Back in the day it became almost absurd. Remember that old car with the steering wheel you could spin with your pinky? Sure, granny loved it, but it generated a ton of heat and even cost a few horsepower. Worse was the vague, disconnected, feel these cars had on the highway. Nowadays, car manufacturers pay more attention to steering feedback and effort, but they still err on the side of making sure effort is minimal for low-speed (ie, low rpm) maneuvers. The Turn One pump lowers the volume to more of a happy medium between low-speed effort and performance-driving longevity.
Pumping It Up
•The below graph represents pump flow (y axis) vs. pump rpm (x axis) of a stock production pump and one modified by Turn One.
Analyzing the solid-line graph of the stock pump at approximately 900 rpm, the pump achieves flow control mode, which means the pump will deliver one constant flow to the steering box/rack at any rpm above 900. The 2.6 gpm flow-control value is used here as an example, but the actual flow control may vary, depending on application.
Following the dashed line of the stock pump at 5000 rpm, the pump delivery is 15 gpm. This is the total volume at 5000 rpm, with 2.6 gpm being delivered to the box/rack. The other 12.4 gpm is being re-circulated internal of the pump. This excess flow is what creates high fluid temperatures and robs horsepower.

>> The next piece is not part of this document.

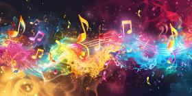 Colorful music notes background with space for your text, Musical Background - Ai Generated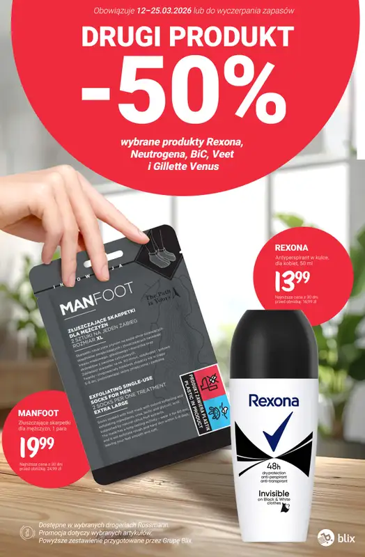 Rossmann - gazetka promocyjna -50% na drugi wybrany produkt marek: Rexona, Neutrogena, BiC, Veet... od poniedziałku 16.03 do środy 25.03 1

Analyzing the Turn One pump graph, it achieves 2.6 gpm flow control at 1300 rpm. At 5000 rpm it's pumping a total of 10 gpm, re-circulating only 7.4 gpm. That's 5 gpm less, resulting in lower fluid temperatures and less parasitic horsepower consumption.
You may ask why the production pump is designed this way. The reason is to have more than adequate flow at low engine rpm. So due to production variation, higher than average steering effort wouldn't be experienced during low-speed maneuvers.